DATA PROVIDED —
- - - -

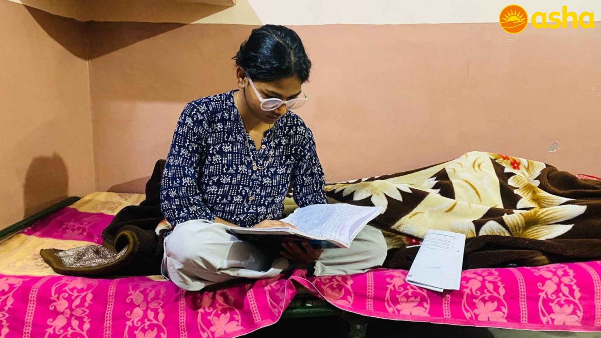 Today, Laxmi has filled out her university entrance application and is preparing with full dedication at the Asha Centre — practicing mock tests, solving sample papers, and guided by mentors who believe in her potential.
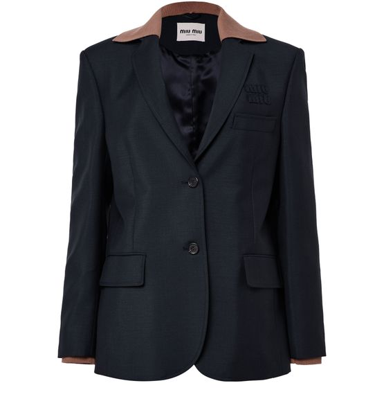 Reveal Miu Miu's blazer with knitted sleeves, a short silhouette featuring a refined collar and long sleeves. The chest logo and flap pockets add a modern touch, while the two-button closure ensures a tailored fit. Perfect for elevating both casual and formal looks with effortless sophistication.
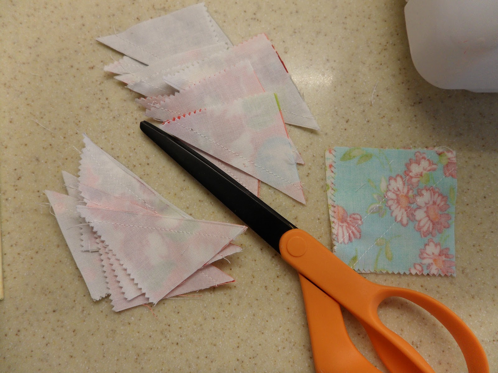 Draw a line corner to corner and sew 1/4 inch on either side, then cut, that was easy!
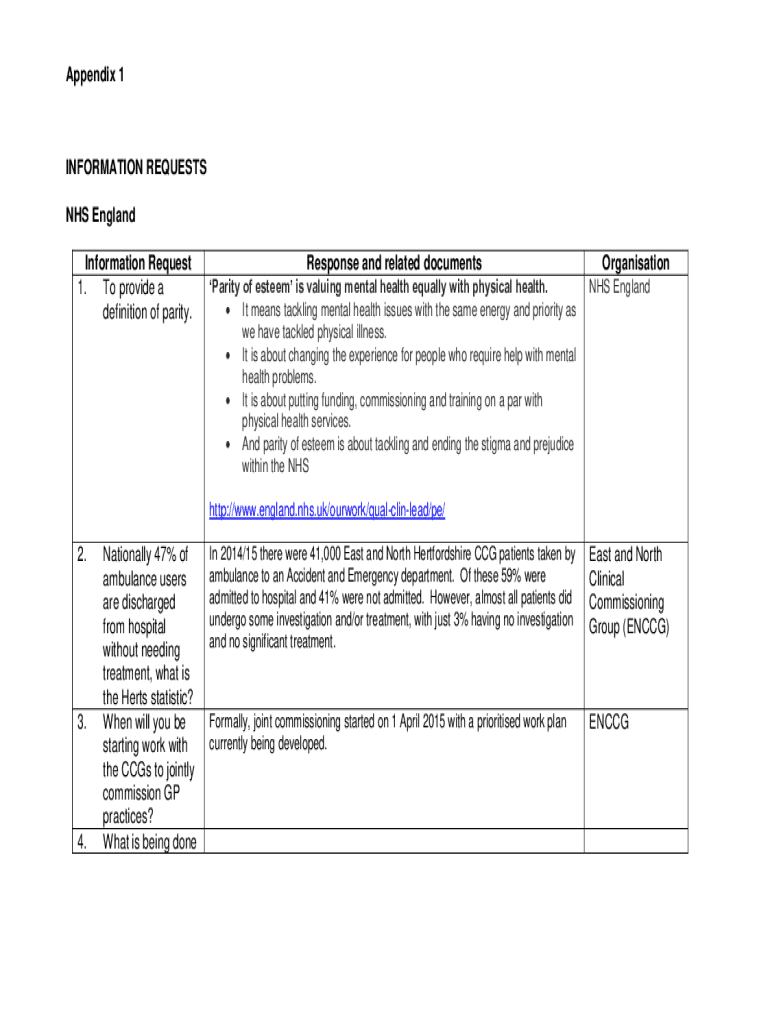 Appendix 1INFORMATION REQUESTS NHS England Information Request 1. To provide a definition of parity. Response and related documents Parity of esteem is valuing mental health equally with physical

- - - -

YOUR ASSIGNMENT —
Could you reproduce the listing above exactly and drop every picture?

OUTPUT FOR THIS TASK —
 Today, Laxmi has filled out her university entrance application and is preparing with full dedication at the Asha Centre — practicing mock tests, solving sample papers, and guided by mentors who believe in her potential.
 Reveal Miu Miu's blazer with knitted sleeves, a short silhouette featuring a refined collar and long sleeves. The chest logo and flap pockets add a modern touch, while the two-button closure ensures a tailored fit. Perfect for elevating both casual and formal looks with effortless sophistication.
 Draw a line corner to corner and sew 1/4 inch on either side, then cut, that was easy!
 Appendix 1INFORMATION REQUESTS NHS England Information Request 1. To provide a definition of parity. Response and related documents Parity of esteem is valuing mental health equally with physical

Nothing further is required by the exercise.